[Records from a dataset]
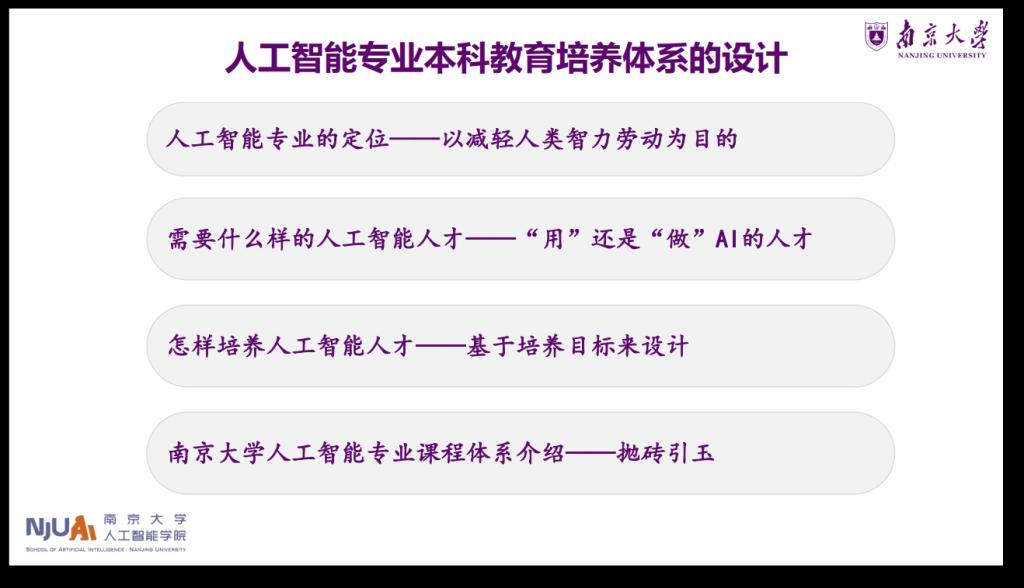 大会邀请了13位分别来自中国科学技术大学、南京大学、中南大学、哈尔滨工业大学、武汉大学、浙江大学、厦门大学、西安邮电大学等高校和企业界的知名学者、技术专家分享了围绕大数据与人工智能教学的报告。其中南京大学人工智能学院申富饶教授做了主题为“南京大学人工智能本科专业教育培养体系的设计”的报告,该报告从人工智能专业的定位、需要什么样的人工智能人才、怎样培养人工智能人才和南京大学人工智能专业课程体系介绍四个方面来分享南京大学人工智能专业特色定位“夯实基础--深化专业--复合知识--加强实践”。
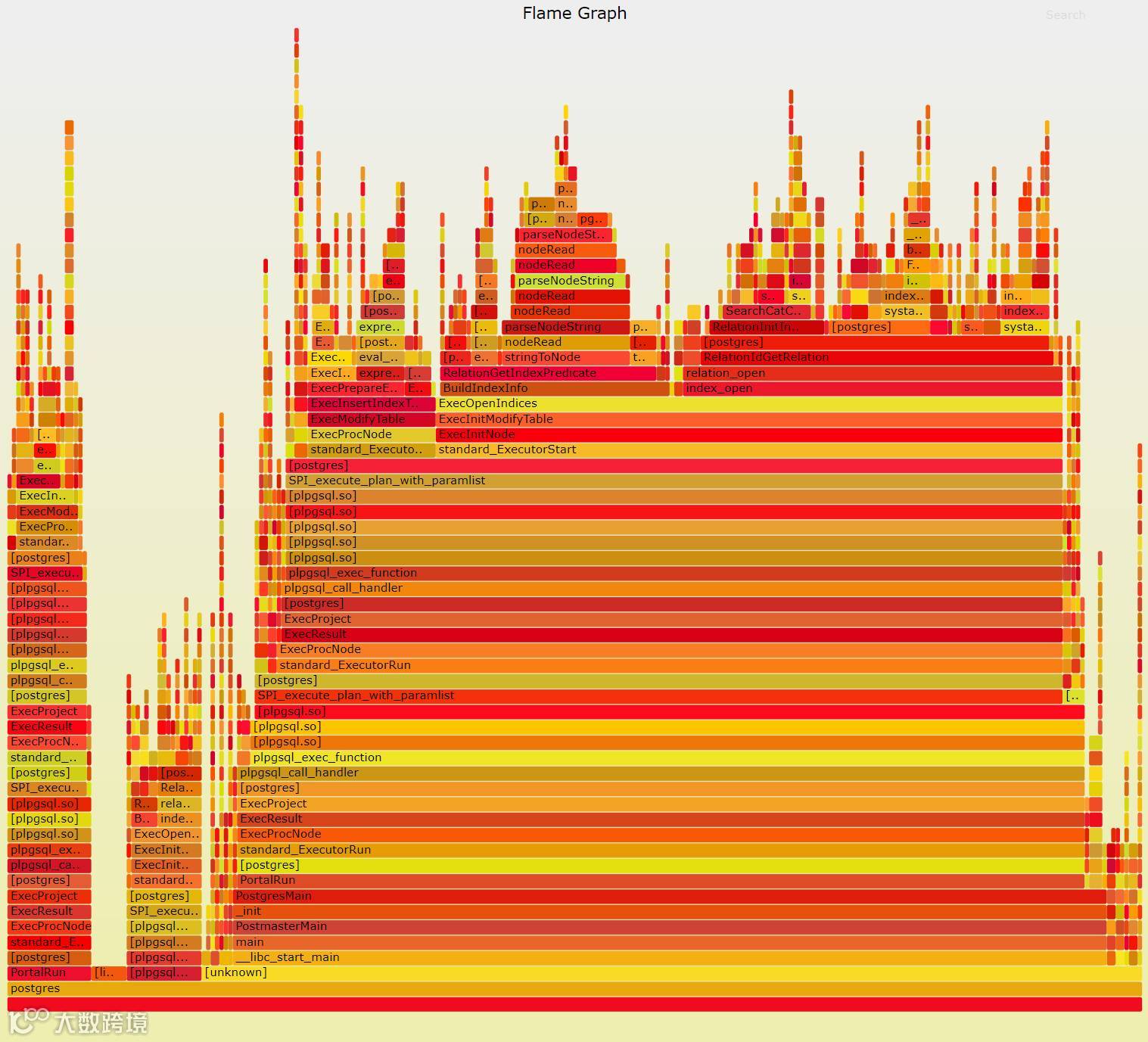 从火焰图中可以清楚地看到,大约 55% 的 CPU 时间花在了 ExecOpenIndices 上(图中行右侧区域的大黄色条)。视线上移一点,可以看到大部分的时间被两个不同的功能所消耗,它们是 BuildIndexInfo 和 index_open。BuildIndexInfo 调用了 RelationGetIndexPredicate,而后者花费了 ~20% 的总 CPU 时间。这样来看,大部分时间都花在了 RelationGetIndexPredicate 上。
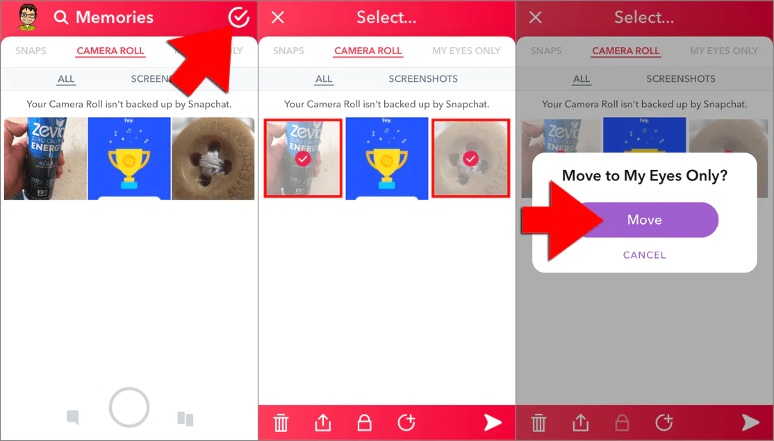 - Snapchat, seçtiğiniz snapleri Sadece Ben (Only My Eyes) bölümüne taşıma işlemi sürecinde sizi yönledirip yardımcı olacak.
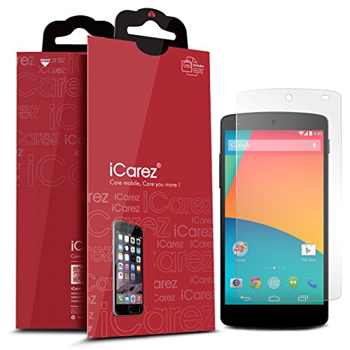 The iCarez LG Google Nexus 5 [HD Anti-Glare] Premium Screen Protector [ Unique Hinge Install Method With Kits ] 3-Pack with Lifetime Replacement Warranty it you must have for google nexus 5.
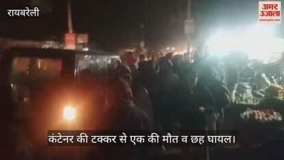यूपी के रायबरेली में बृहस्पतिवार की रात डीह-रायबरेली मार्ग पर कंटेनर ने साइकिल सवार को टक्कर मार दी। इससे उसकी मौत हो गई। लोगों ने देखा तो कंटेनर का पीछा किया। इस पर आरोपी चालक ने भागने के चक्कर में पहले एक तांगा फिर मारुती वैन और बोलेरो में टक्कर मारी। इसके बाद दिल्ली जा रही एक बस में टक्कर मारते हुए पेड़ की डाल में फंस गया।
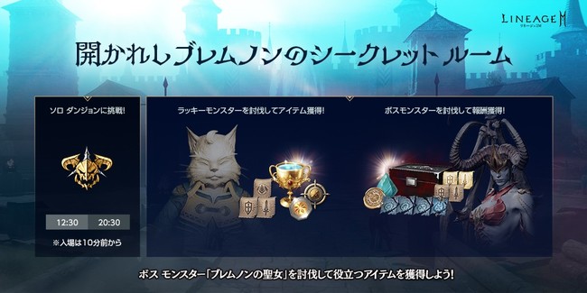 期間中、 毎日12時30分と20時30分に、 1名のみで参加できるダンジョン「ブレムノンのシークレット ルーム」が出現する。ダンジョン内では、 冒険に役立つ様々なアイテムを獲得することができる。
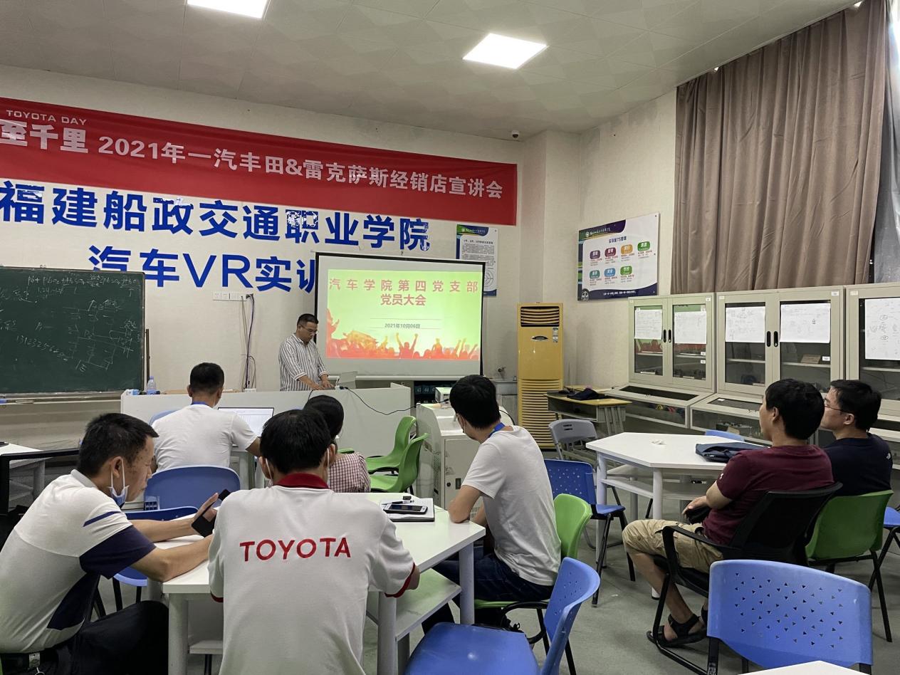 2021年10月06日下午在豐田教室,汽車學院第四黨支部副書記余庚主持召開10月黨日專題學習會。
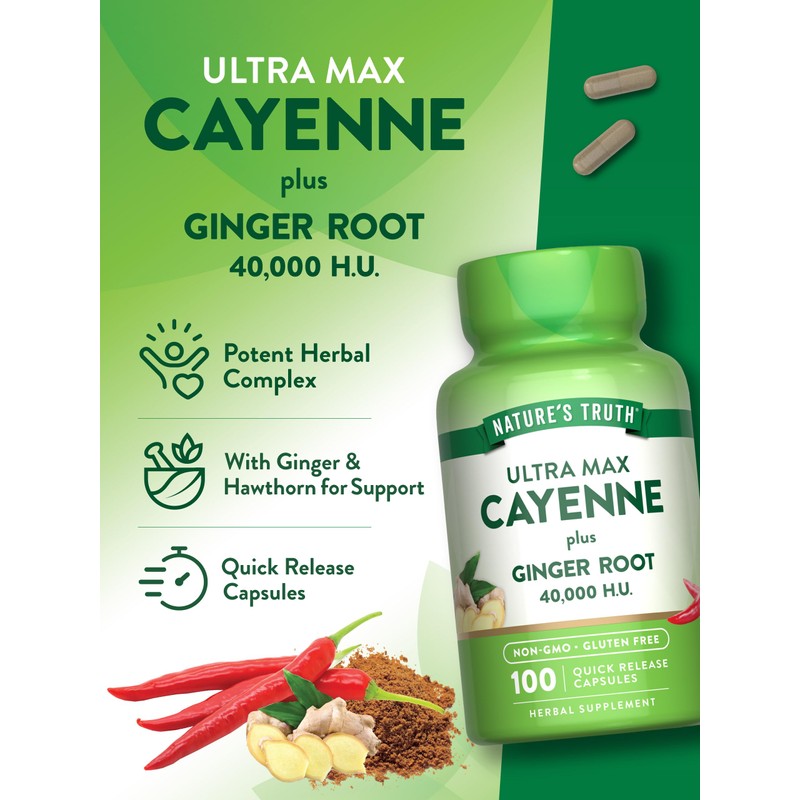 Nature's Truth Cayenne Pepper Capsules | 40,000 HU | 100 Count | with Ginger Root | Non-GMO & Gluten Free Supplement

**Work to complete**
Pictures are not part of the copy. Return every record exactly.

**Written response**
 大会邀请了13位分别来自中国科学技术大学、南京大学、中南大学、哈尔滨工业大学、武汉大学、浙江大学、厦门大学、西安邮电大学等高校和企业界的知名学者、技术专家分享了围绕大数据与人工智能教学的报告。其中南京大学人工智能学院申富饶教授做了主题为“南京大学人工智能本科专业教育培养体系的设计”的报告,该报告从人工智能专业的定位、需要什么样的人工智能人才、怎样培养人工智能人才和南京大学人工智能专业课程体系介绍四个方面来分享南京大学人工智能专业特色定位“夯实基础--深化专业--复合知识--加强实践”。
 从火焰图中可以清楚地看到,大约 55% 的 CPU 时间花在了 ExecOpenIndices 上(图中行右侧区域的大黄色条)。视线上移一点,可以看到大部分的时间被两个不同的功能所消耗,它们是 BuildIndexInfo 和 index_open。BuildIndexInfo 调用了 RelationGetIndexPredicate,而后者花费了 ~20% 的总 CPU 时间。这样来看,大部分时间都花在了 RelationGetIndexPredicate 上。
 - Snapchat, seçtiğiniz snapleri Sadece Ben (Only My Eyes) bölümüne taşıma işlemi sürecinde sizi yönledirip yardımcı olacak.
 The iCarez LG Google Nexus 5 [HD Anti-Glare] Premium Screen Protector [ Unique Hinge Install Method With Kits ] 3-Pack with Lifetime Replacement Warranty it you must have for google nexus 5.
यूपी के रायबरेली में बृहस्पतिवार की रात डीह-रायबरेली मार्ग पर कंटेनर ने साइकिल सवार को टक्कर मार दी। इससे उसकी मौत हो गई। लोगों ने देखा तो कंटेनर का पीछा किया। इस पर आरोपी चालक ने भागने के चक्कर में पहले एक तांगा फिर मारुती वैन और बोलेरो में टक्कर मारी। इसके बाद दिल्ली जा रही एक बस में टक्कर मारते हुए पेड़ की डाल में फंस गया।
 期間中、 毎日12時30分と20時30分に、 1名のみで参加できるダンジョン「ブレムノンのシークレット ルーム」が出現する。ダンジョン内では、 冒険に役立つ様々なアイテムを獲得することができる。
 2021年10月06日下午在豐田教室,汽車學院第四黨支部副書記余庚主持召開10月黨日專題學習會。
 Nature's Truth Cayenne Pepper Capsules | 40,000 HU | 100 Count | with Ginger Root | Non-GMO & Gluten Free Supplement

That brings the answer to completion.